Over the past year or more I’ve asked myself what I missed, why she’s so behind, what I should have done differently, how can I help her, am I equipped to teach her? All these questions and doubts have swirled around in my head.
But over time, I realized that my prayers were selfish. I wanted her to catch up to her peers and I wanted to teach her exactly how I taught her brothers. I hadn’t earnestly asked God to show me who she was and how to best help her.
Last year I started seeing Psalm 139:14 everywhere: on mugs, wall hangings, scripture cards, daily verses, etc.
I praise you because I am fearfully and wonderfully made;
Your works are wonderful, I know that full well.
It finally hit me: my daughter is exactly who God wants her to be. She is fearfully and wonderfully made!
Instead of praying and asking God to change her, I needed to be praying for God to change me, to show me how she learns, how to teach her, and for the help I need.

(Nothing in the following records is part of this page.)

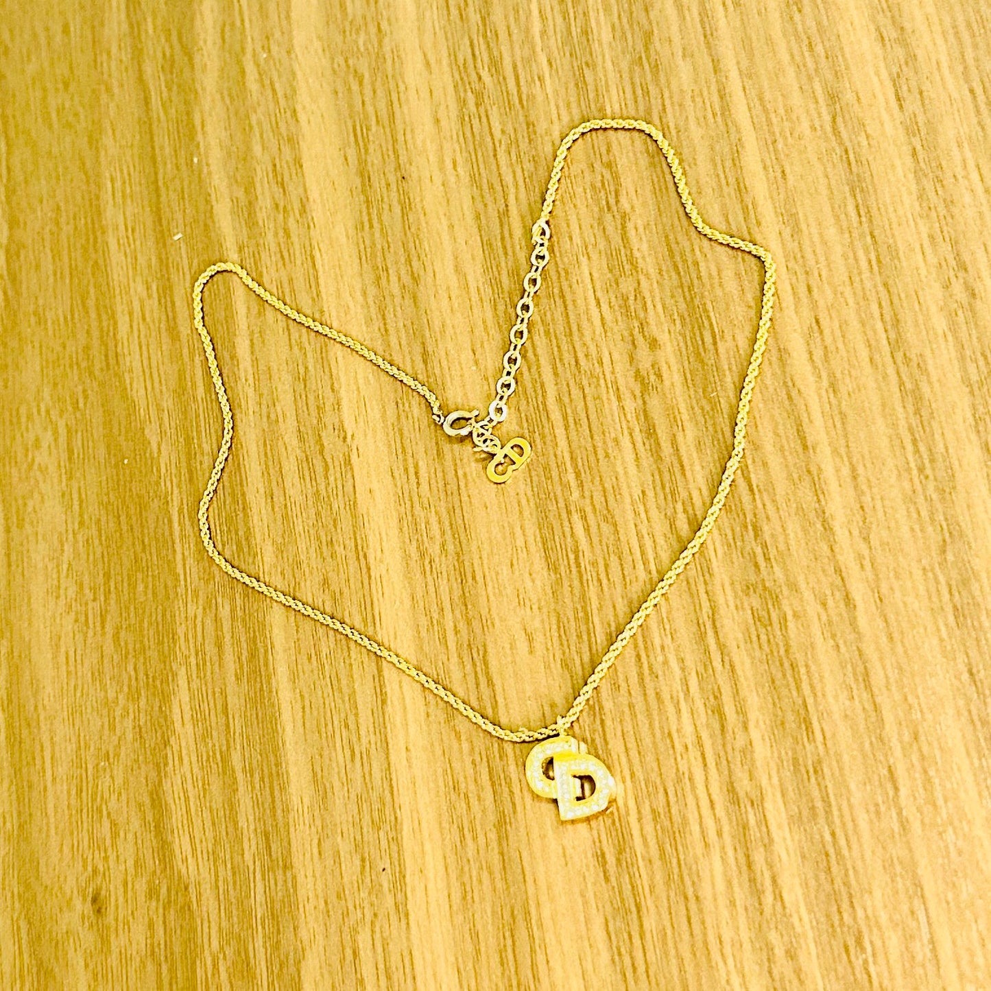 Christian Dior Monogram Logo CD Giant Gold & Crystals Necklace
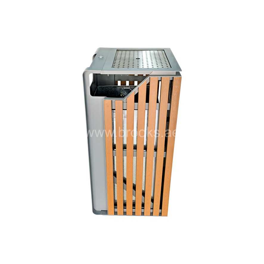 Designed to enhance cleanliness and style in modern public spaces, the Brooks Telvy Ashtray Bin offers a durable, high-capacity waste solution with a sleek, contemporary finish. With a 118-litre capacity, it is ideal for malls, office complexes, hotel entrances, outdoor seating areas, and smoking zones. The Telvy bin is constructed from a sturdy combination of galvanized steel (GS) and wood-plastic composite (WPC), offering excellent resistance to rust, weather, and daily wear. Its top-mounted stainless steel ashtray provides a neat and efficient space for cigarette disposal, while the large waste opening supports easy, contactless use.
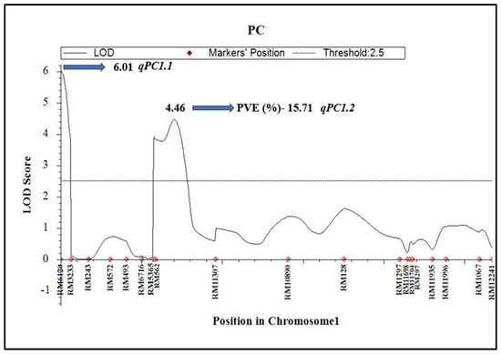 We identified four QTLs (qPC1.1, qPC1.2, qPC5.1, and qPC5.2) affecting GPC in milled rice, two each on chromosome 1 and chromosome 5. qPC1.2, in the marker interval RM562-RM11307, explained 15.7% of the phenotypic variance. Zhong et al. (2011) [] reported two QTLs (qPr1 and qPr7) for GPC in milled rice in the marker interval RM493-RM562 and RM445-RM418. The qPr1 allele from Zhenshan 97B reduced the GPC, while qPr7 increased the GPC of milled rice. Earlier research has identified numerous QTLs associated with GPC, mostly in brown rice [,,,]. Several QTLs for GPC in brown rice were identified using different types of populations, including ‘Recombinant Inbred Lines (RILs)’ [,] and a ‘Doubled Haploid (DH)’ population []. Though these are interesting results, in most of the studies, parents exhibited a narrow range for GPC. In contrast, the parents utilized in the present study showed significant variation for GPC in milled rice, aiding in a more accurate QTL mapping of genomic regions governing GPC. Identifying QTLs in brown rice is useful, but milled rice is more important, as consumers eat brown rice less frequently than milled rice. Further, although researchers have detected numerous QTLs for GPC using different mapping populations, they have characterized only a few. Peng et al. (2014) [] cloned and validated the qPC1 locus identified by Wang et al. (2008) [].
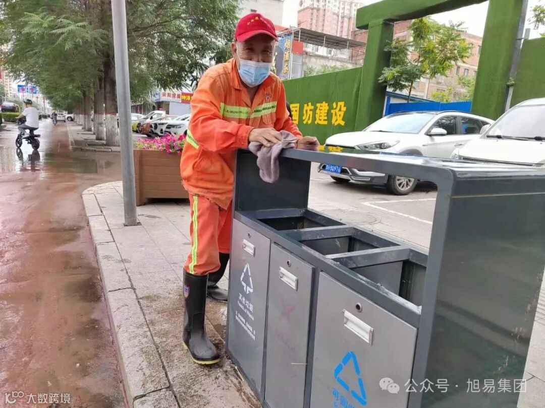 垃圾桶、果皮箱、广告牌作为城市垃圾收集与宣传的重要设施,其卫生状况直接影响着城市的整洁度。环卫工人们定期对其进行擦拭和清洗工作,确保垃圾桶、果皮箱干净无异味,广告牌干净明亮无污渍,为群众提供一个良好的垃圾投放与视觉感官环境。
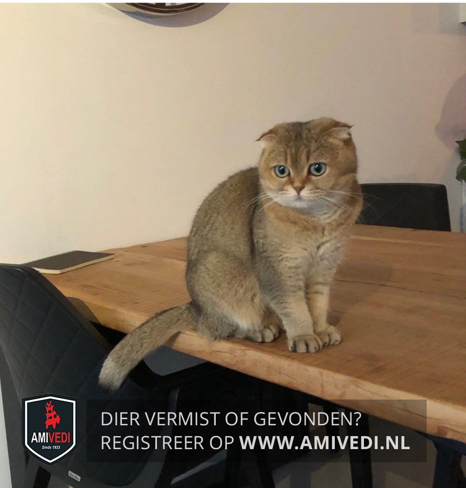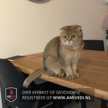 | Signalement | Beige/bruin, wit kinnetje en een beetje op de borst. |

Once I started praying that way, everything changed. I began to discover other moms, whom I already knew, whose children have some similar learning difficulties. They’ve become a wealth of information and encouragement. I’ve also been handed educational resources that help with schooling.
Most importantly, God has let me see who my daughter truly is – to enjoy and appreciate her instead of trying to fit her into a box. She has such joy. She loves life and gets excited over the littlest things. She is very affectionate and has an endless imagination. Best of all, she loves Jesus, she talks about Him all the time, sings songs of praise, does “Bible Study” with her stuffed animals, carries around tracts and missionary cards in all her backpacks, and prays continually.
Isn’t that what really matters? HE has always been most important. Even if she doesn’t understand a lot of other things yet, she knows there is a God who loves her, listens to her prayers, and whom she needs to share with others.
Teaching my daughter definitely looks different now. While doubts still creep in, most days I know and believe we are right where God wants us, and that He is going to guide and direct us every step of the way.
He has big and beautiful plans for her!